In your copy of the data, omit the pictures and keep all else exactly as given.

- [Entries supplied]
- Opening Delimiter -

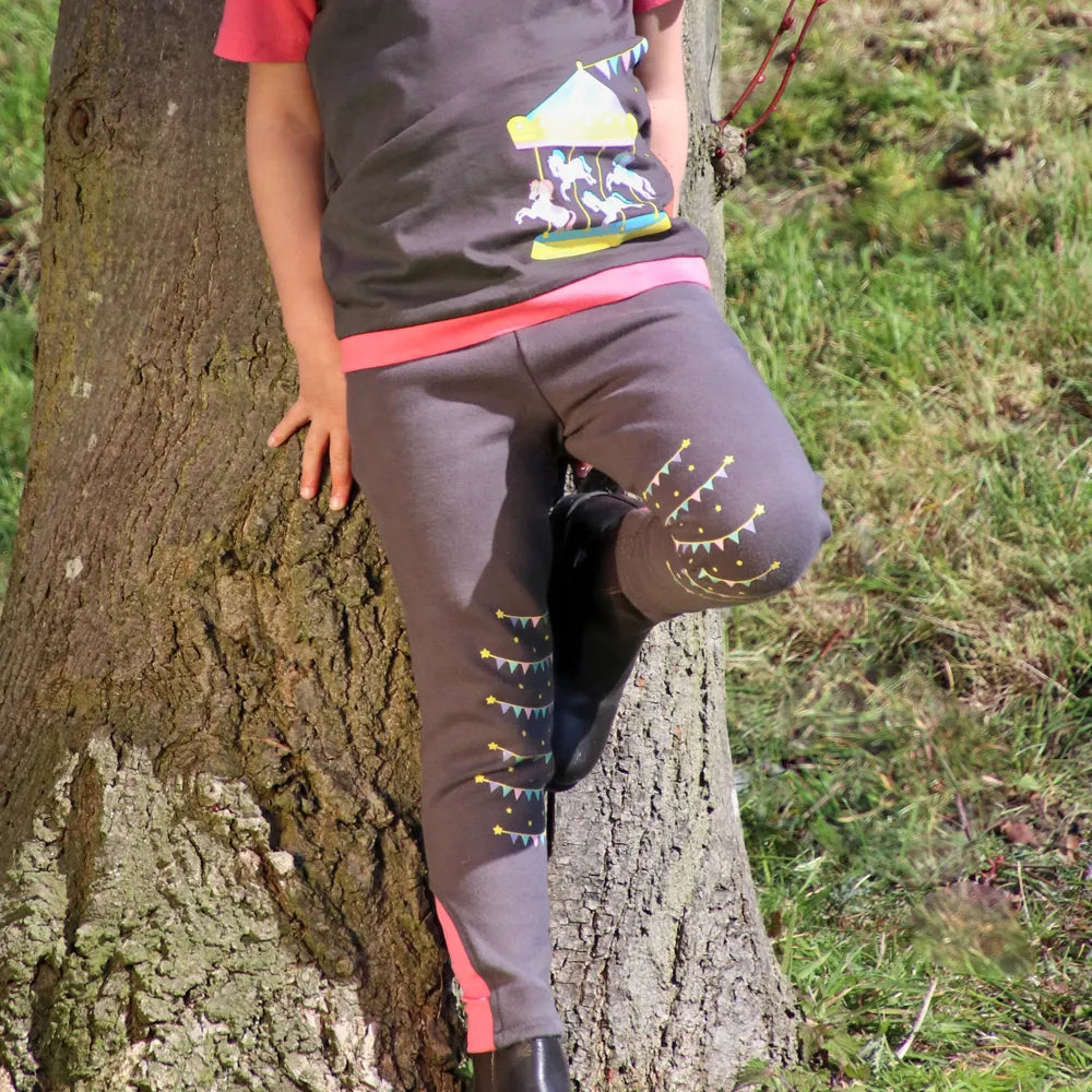Pull on jodhpurs designed for a comfortable and secure fit allowing your child to enjoy riding and spending days down the yard. Silicone knee deign finishes the look but also offers extra grip in the saddle. Pair these grey and pink jodhpurs with the Merry Go Round t-shirt and jacket to take your matching riding outfit to the next level.
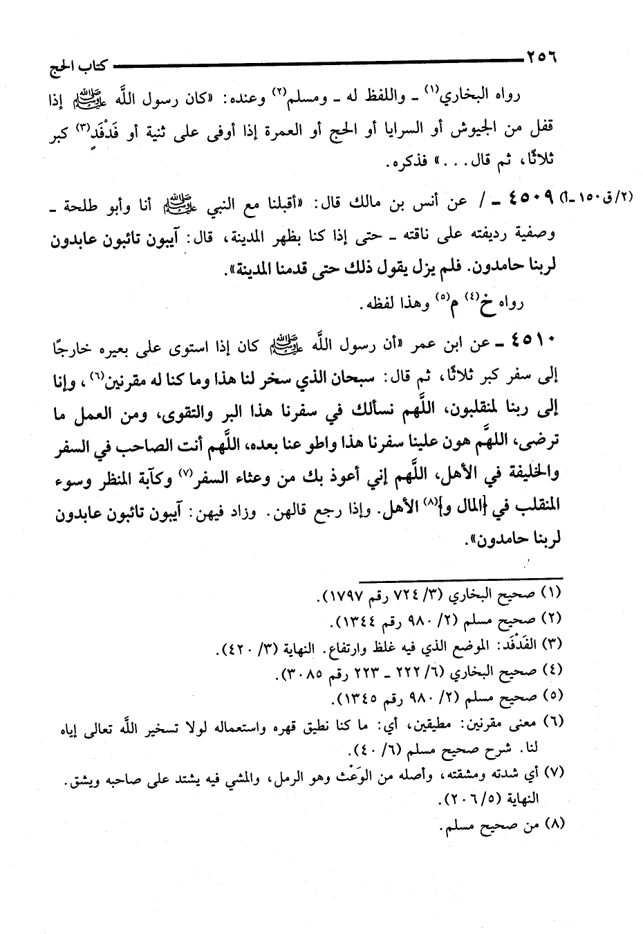 4509 - عن أنس بن مالك قال: "أقبلنا مع النبي - صلى الله عليه وسلم - أنا وأبو طلحة -وصفية رديفته على ناقته- حتى إذا كنا بظهر المدينة، قال: آيبون تائبون عابدون لربنا حامدون. فلم يزل يقول ذلك حتى قدمنا المدينة".
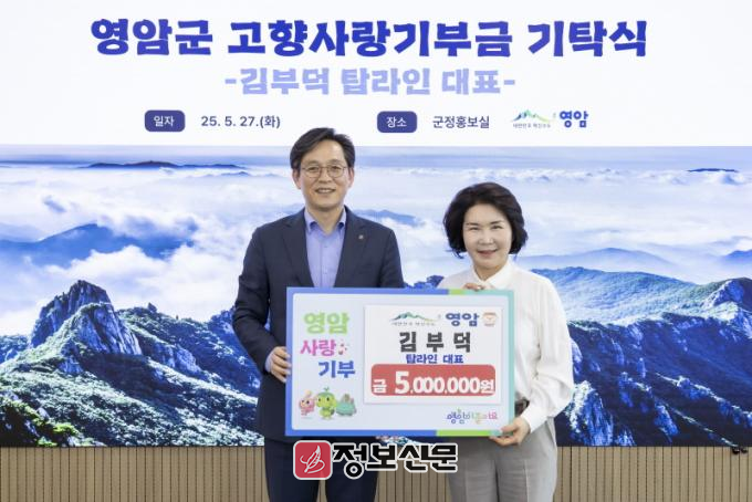 2023년 500만원, 지난해 가족과 1,000만원을 기부하며 영암군 고향사랑기부를 이끌고 있는 박 대표는, “영암 발전과 영암군민 삶의 질 향상에 보탬이 되길 바란다”고 말했다. 하루 뒤인 27일 김부덕 ㈜탑라인대표도 영암군청에서 500만원을 기부했다.
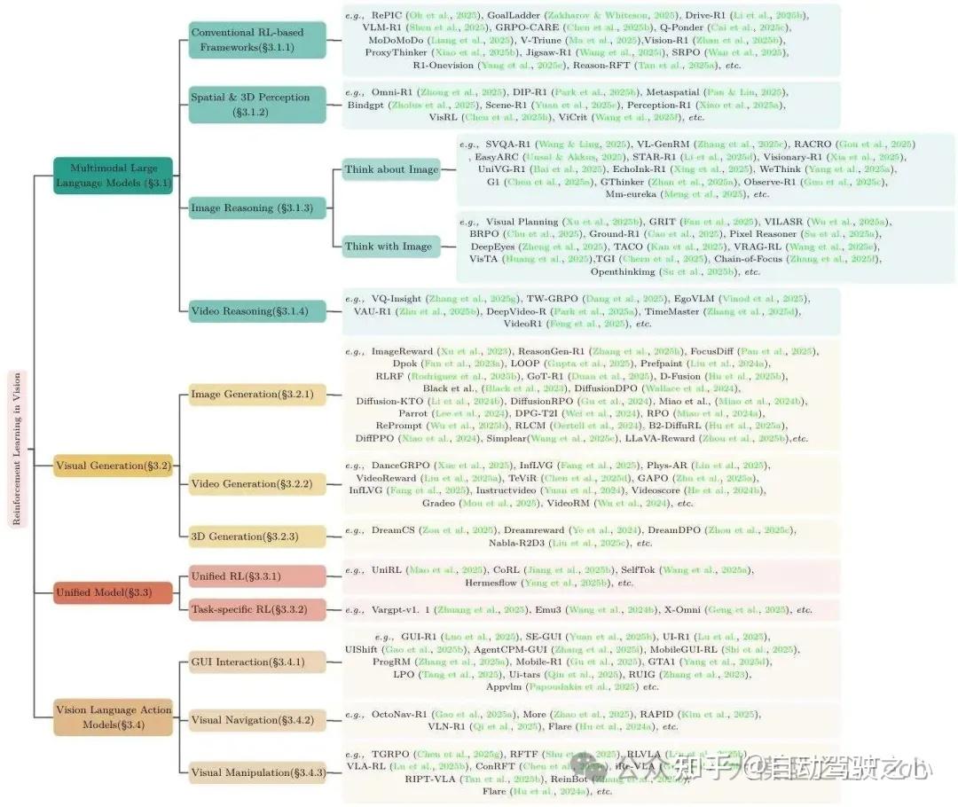 MLLM的RL目标是“对齐视觉-语言推理与人类需求”,分四类研究方向:
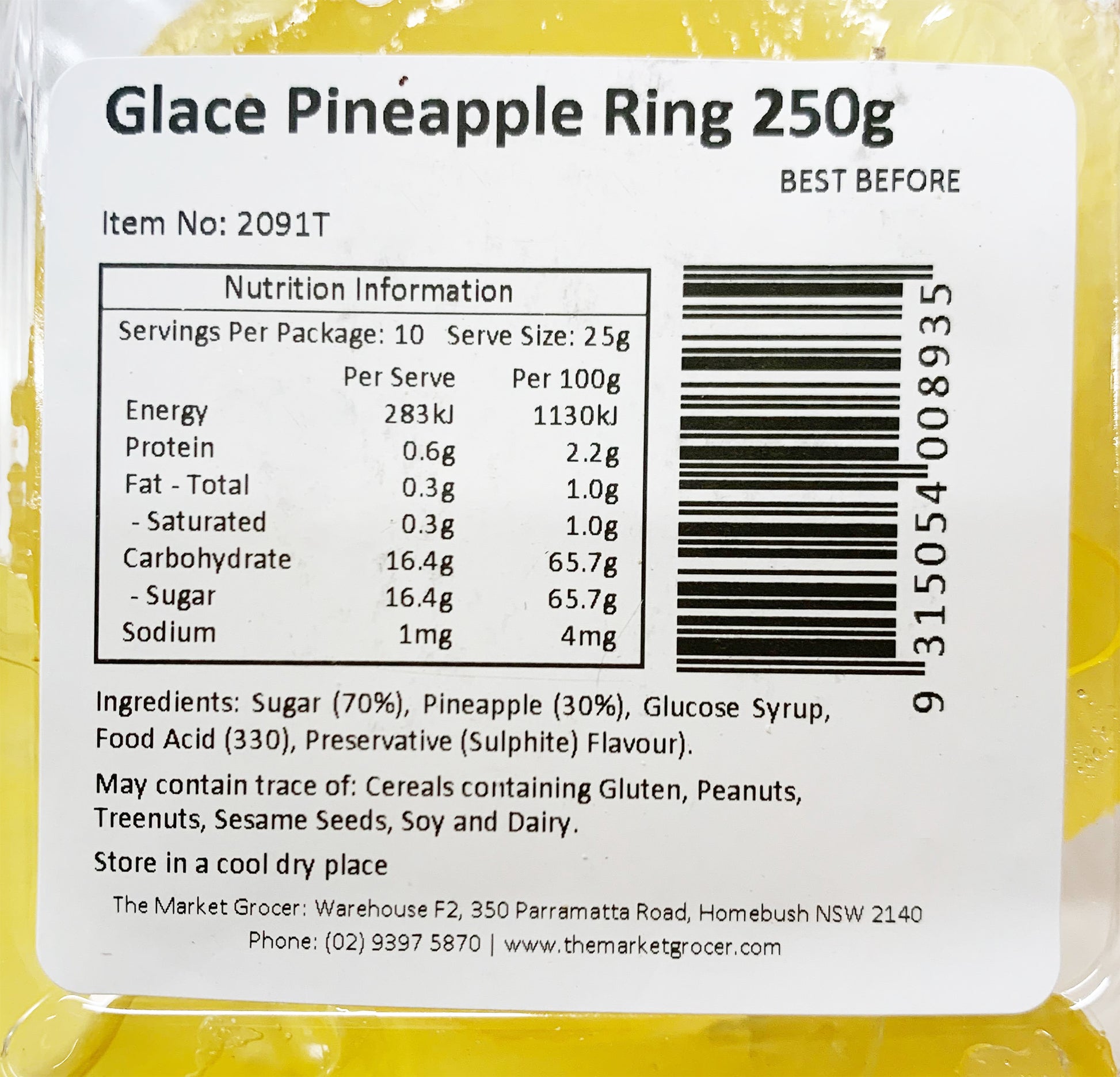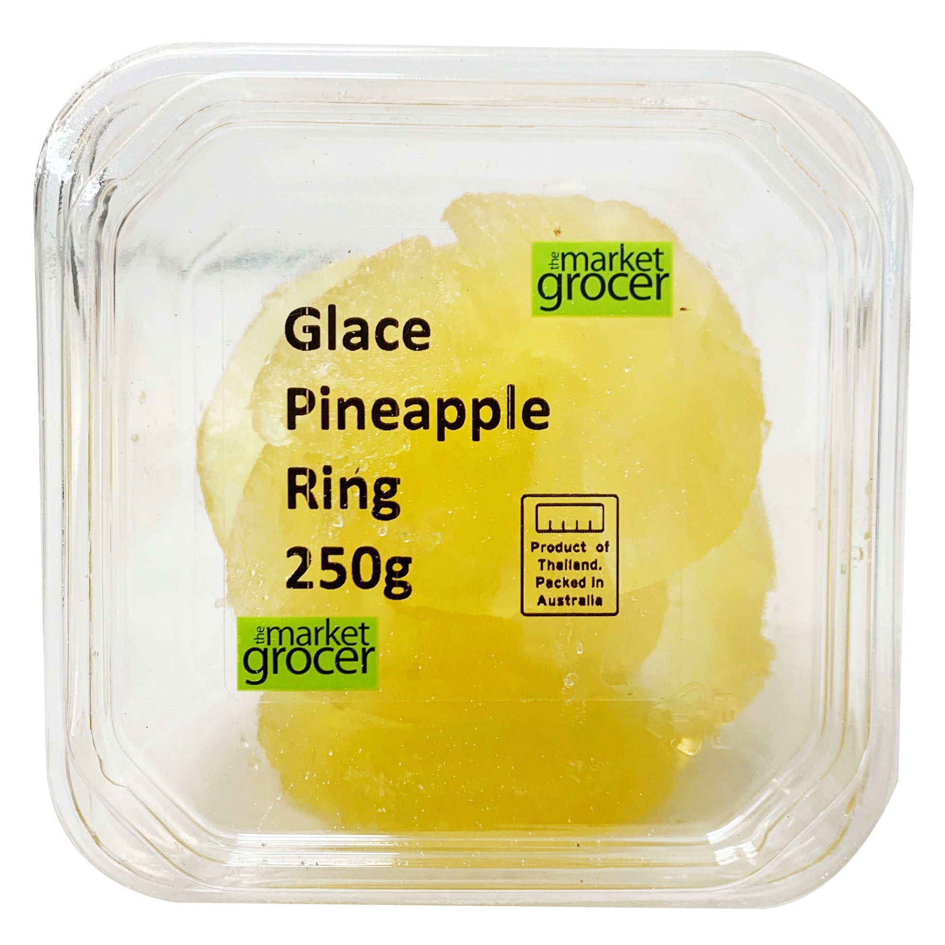 Indulge in The Market Grocer Glace Pineapple Rings 250g for a sweet and tropical treat. Perfect for snacking, baking, or adding a burst of flavor to your dishes. Elevate your culinary creations with these premium quality glace pineapple rings.
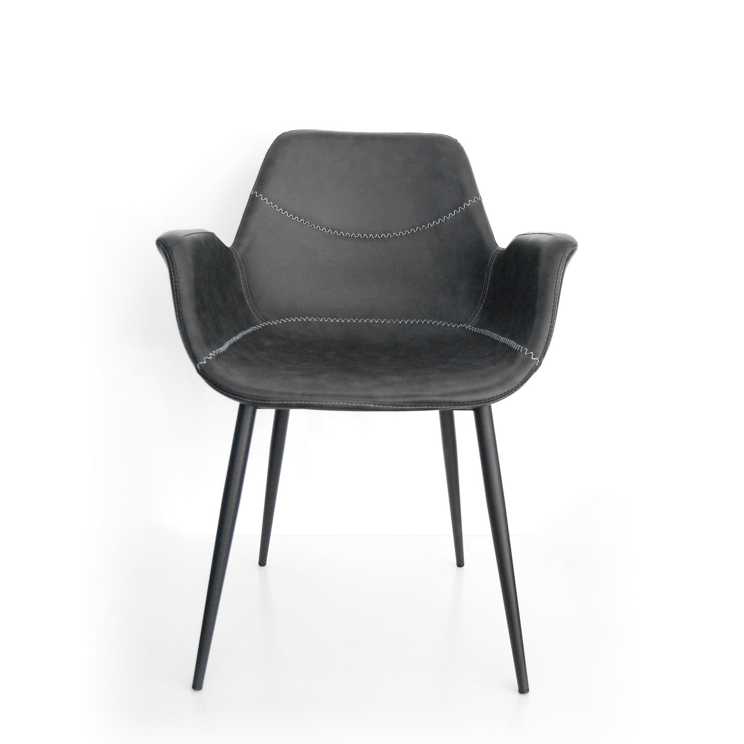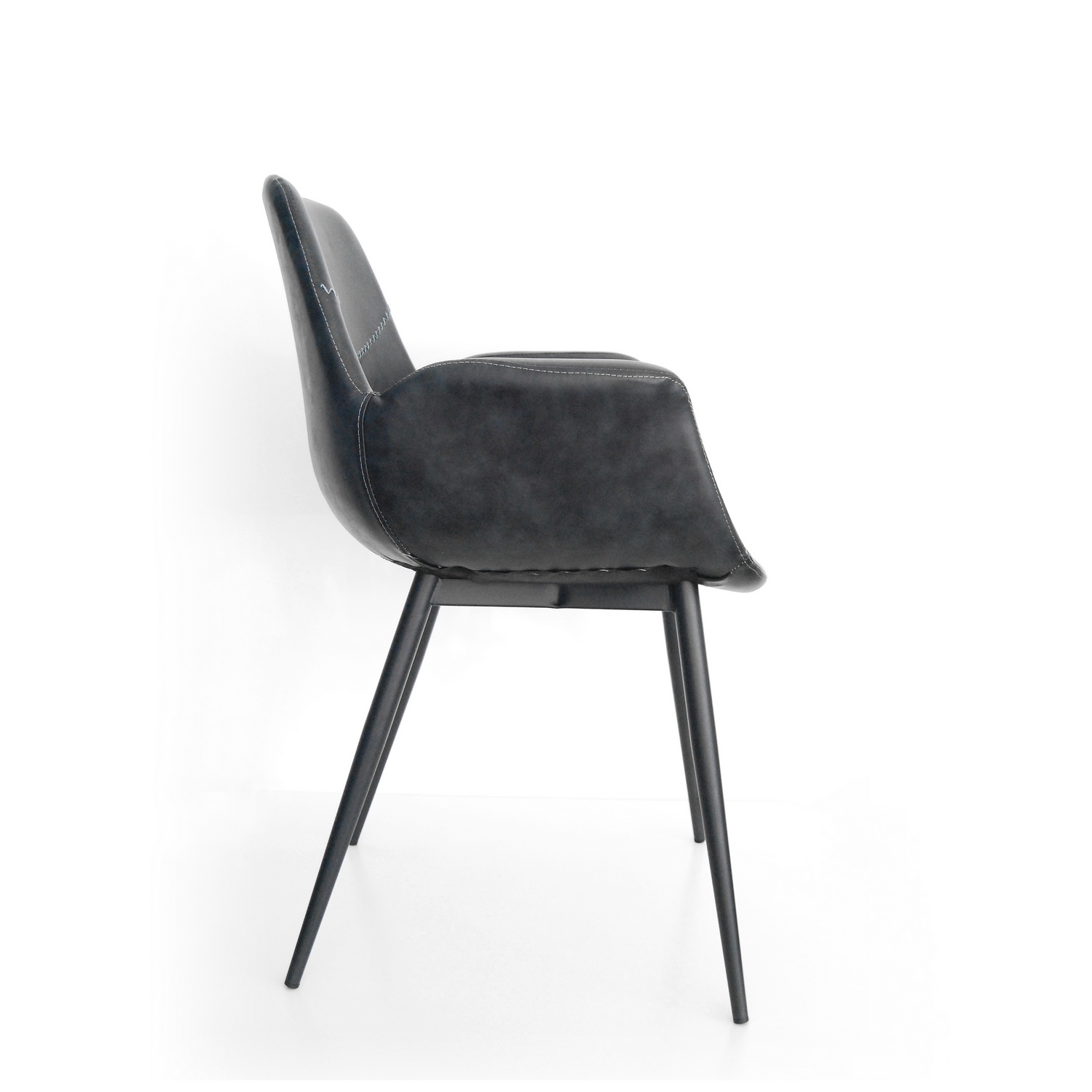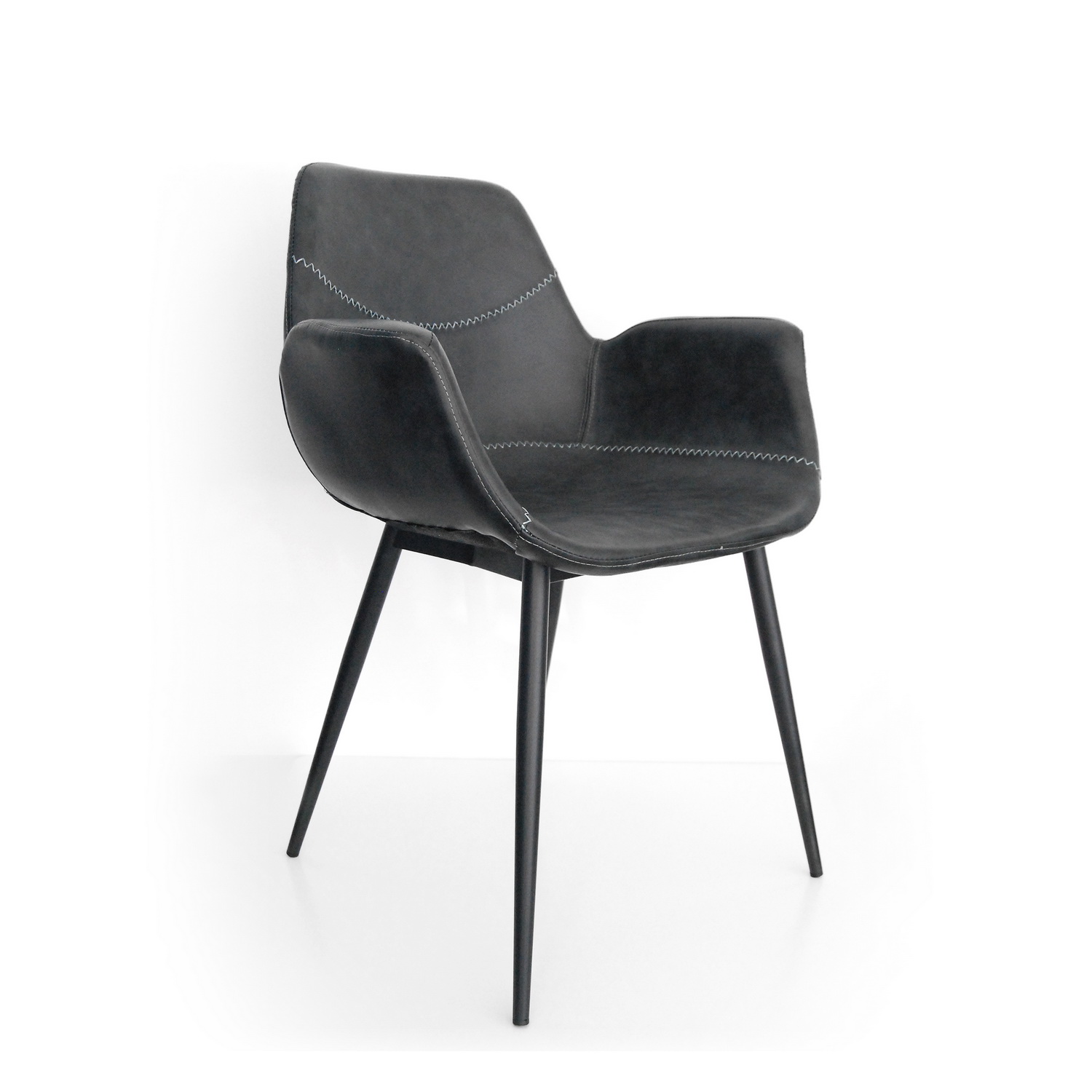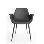 Podkonstrukcija sedećeg dela je od jake plastike, tapacirana u eko koži popularne antracit boje (tamno siva) sa zanimljivim štepanim detaljima. Sloj sundjera ispod završne eko kože doprinosi udobnosti i mekšem sedenju. Metalne nogice su takodje vrlo stabilne i jake, sa završnim mat premazom tamno sive – antracit boje. Sedeći deo je profilisan tako da se vrlo udobno sedi u njoj zahvaljujući optimalnoj visini naslona kao i rukonaslonima. Ovaj model pronalazi svoju primenu kako u stambenim, tako i u ugostiteljskim i poslovnim prostorima.

- Closing Delimiter -

- [Answer to this problem]
Pull on jodhpurs designed for a comfortable and secure fit allowing your child to enjoy riding and spending days down the yard. Silicone knee deign finishes the look but also offers extra grip in the saddle. Pair these grey and pink jodhpurs with the Merry Go Round t-shirt and jacket to take your matching riding outfit to the next level.
 4509 - عن أنس بن مالك قال: "أقبلنا مع النبي - صلى الله عليه وسلم - أنا وأبو طلحة -وصفية رديفته على ناقته- حتى إذا كنا بظهر المدينة، قال: آيبون تائبون عابدون لربنا حامدون. فلم يزل يقول ذلك حتى قدمنا المدينة".
 2023년 500만원, 지난해 가족과 1,000만원을 기부하며 영암군 고향사랑기부를 이끌고 있는 박 대표는, “영암 발전과 영암군민 삶의 질 향상에 보탬이 되길 바란다”고 말했다. 하루 뒤인 27일 김부덕 ㈜탑라인대표도 영암군청에서 500만원을 기부했다.
 MLLM的RL目标是“对齐视觉-语言推理与人类需求”,分四类研究方向:
 Indulge in The Market Grocer Glace Pineapple Rings 250g for a sweet and tropical treat. Perfect for snacking, baking, or adding a burst of flavor to your dishes. Elevate your culinary creations with these premium quality glace pineapple rings.
 Podkonstrukcija sedećeg dela je od jake plastike, tapacirana u eko koži popularne antracit boje (tamno siva) sa zanimljivim štepanim detaljima. Sloj sundjera ispod završne eko kože doprinosi udobnosti i mekšem sedenju. Metalne nogice su takodje vrlo stabilne i jake, sa završnim mat premazom tamno sive – antracit boje. Sedeći deo je profilisan tako da se vrlo udobno sedi u njoj zahvaljujući optimalnoj visini naslona kao i rukonaslonima. Ovaj model pronalazi svoju primenu kako u stambenim, tako i u ugostiteljskim i poslovnim prostorima.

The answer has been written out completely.